Directions
Word for word, print each line of the listing below; pictures stay out.

Data block
_ _ _ _
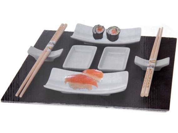 Oryginalny zestaw do serwowania przekąsek na kamiennej podstawie z kamienia łupkowego. Sprawdzi się do podawania sushi a także słonych przystawek. Komplet z pewnością znajdzie zastosowanie podczas spotkań rodzinnych i towarzyskich. W zestawie 2 porcelanowe miseczki, 2 podstawki oraz drewniane pałeczki i bambusowe maty. Produkt sprawdzi się ponadto również jako oryginalny pomysł na prezent.
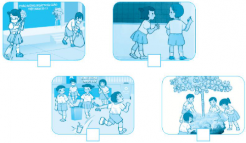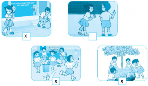 Bài 4. Đánh dấu X vào ô trống dưới hình thể hiện việc em nên làm để giữ gìn vệ sinh trường học. Giải thích tại sao em lại làm những việc đó.
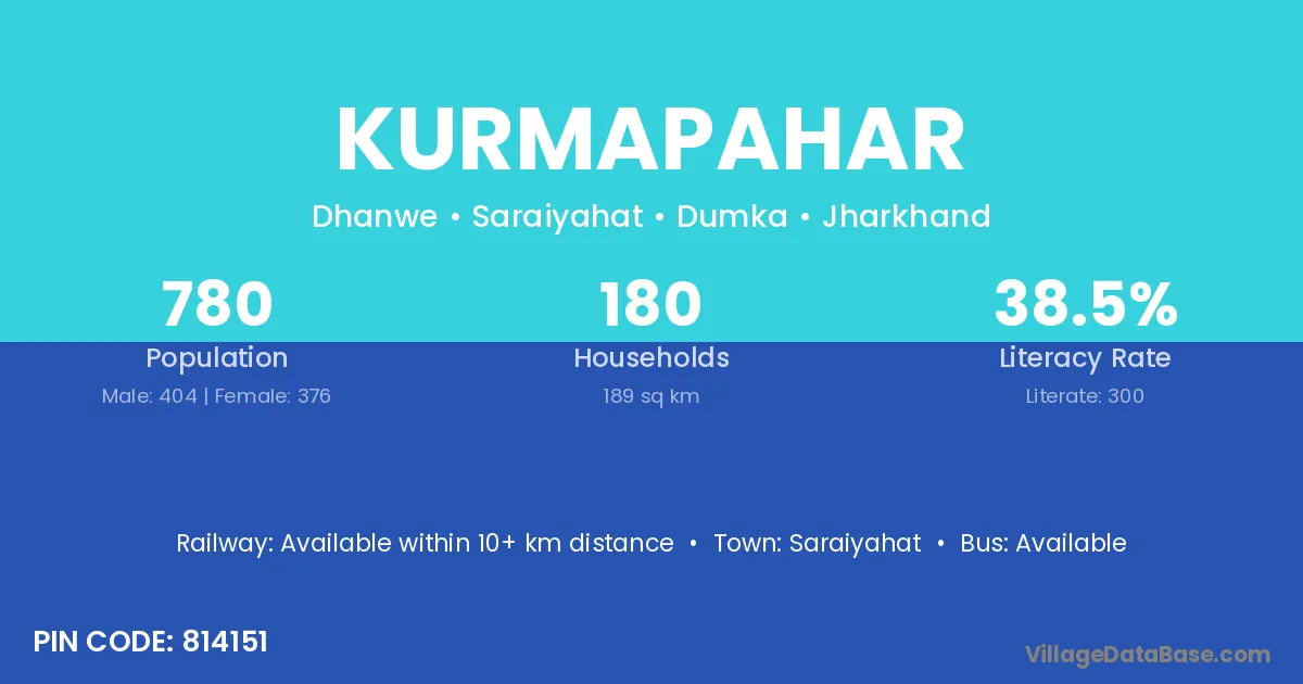 Kurmapahar village has a total population of 780 people, of which 404 are males and 376 are females.
_ _ _ _
Your solution
 Oryginalny zestaw do serwowania przekąsek na kamiennej podstawie z kamienia łupkowego. Sprawdzi się do podawania sushi a także słonych przystawek. Komplet z pewnością znajdzie zastosowanie podczas spotkań rodzinnych i towarzyskich. W zestawie 2 porcelanowe miseczki, 2 podstawki oraz drewniane pałeczki i bambusowe maty. Produkt sprawdzi się ponadto również jako oryginalny pomysł na prezent.
 Bài 4. Đánh dấu X vào ô trống dưới hình thể hiện việc em nên làm để giữ gìn vệ sinh trường học. Giải thích tại sao em lại làm những việc đó.
 Kurmapahar village has a total population of 780 people, of which 404 are males and 376 are females.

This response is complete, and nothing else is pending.